Une photo, quelques mots (86)
Installer les quilles blanches et rouges, déverser le gravier et faire couler le goudron chaud qui le fige, faucher les herbes hautes, combler les nids de poule, balayer les scories des rochers qui s'effritent, dessiner les passages cloutés, les lignes continues et celles qui ne le sont pas.
J'ai fait ça toute ma vie. J'ai balisé les routes, je les ai dégagées, j'ai fait en sorte qu'elles soient toujours praticables, qu'automobilistes, cyclistes et piétons puissent y cohabiter, que les véhicules en panne sur le bas côté stationnent sans danger, que la signalisation soit toujours visible, qu'on sache où l'on va et à quelle allure il convient d'avancer.

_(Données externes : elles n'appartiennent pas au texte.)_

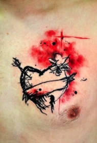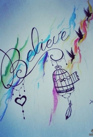 欧美英文字母心形鸟笼泼墨纹身图案手稿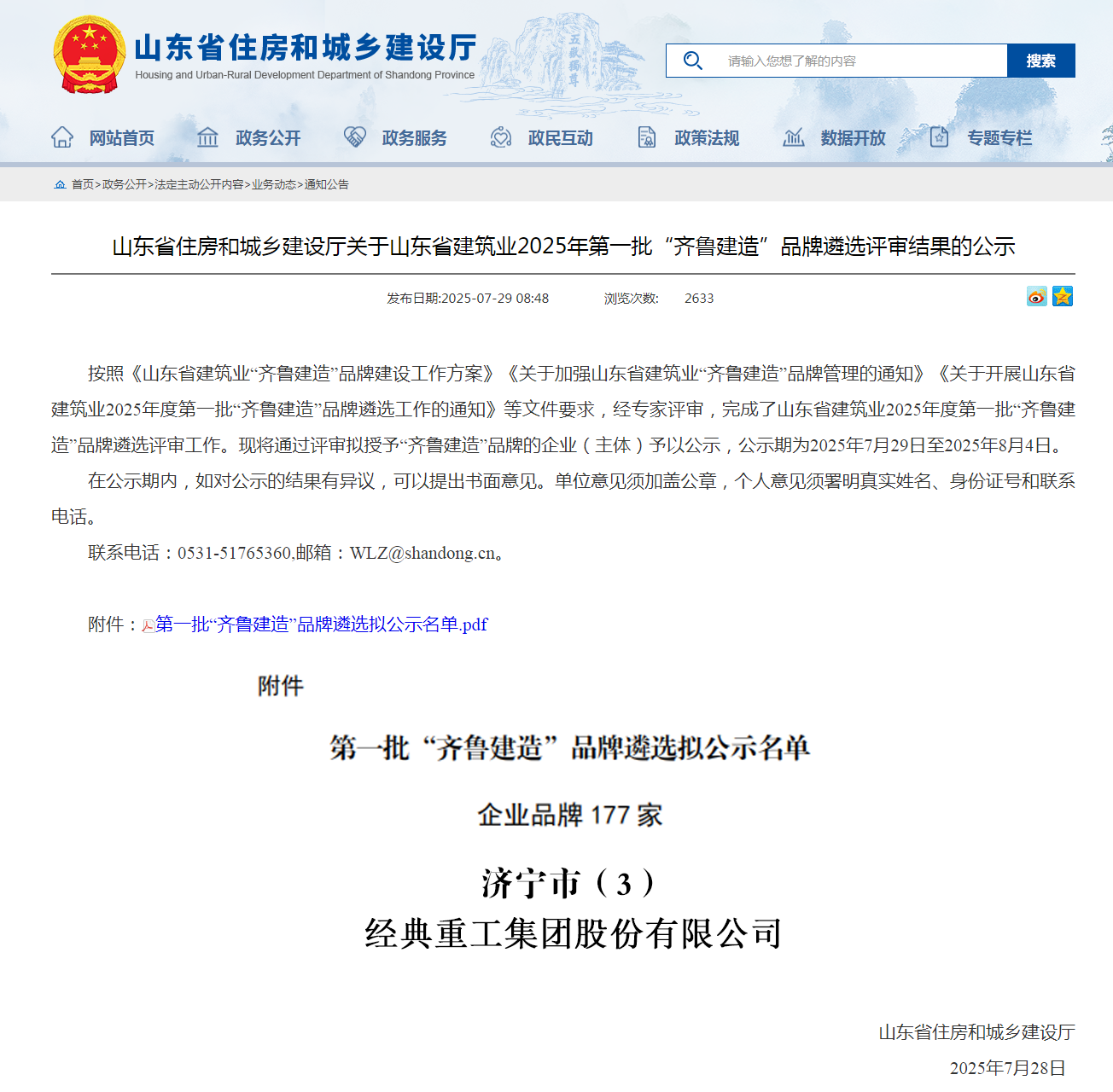 榮耀入選!經(jīng)典集團(tuán)榮登2025年第一批“齊魯建造”品牌榜

A moi personne n'a tracé le chemin, il a fallu que je me débrouille. Aucun panneau pour m'annoncer un virage en épingle, un dos d'âne bien corsé, une pente sévère, un carrefour dangereux. Aucune barrière pour m'éviter la chute dans le ravin. J'ai parfois cédé le passage et j'ai marqué des stops trop longtemps. J'ai peu doublé au bout du compte, je me suis souvent rabattu.
Et puis j'ai raccroché le pantalon orange à bandes luminescentes. Je n'ai pas eu le choix.
J'ai sans doute hurlé avant de perdre connaissance. Mes collègues ont mis, ce qui m'a semblé être, une éternité avant de réaliser qu'ils venaient de faire basculer le pan de mur du mauvais côté. L'avalanche de pierres a fait un bruit terrible. On aurait dit une montagne qu'on dynamite. Une fois le nuage de poussière de ciment retombé, ils ont réalisé que sous les gravats mon pied était resté.
Ce jour là, et pour la première fois en 30 ans de carrière, je ne portais malheureusement pas mes chaussures de sécurité.
C'est tellement évident que j'oublie de vous dire que ce texte était écrit pour l'atelier de Leiloona.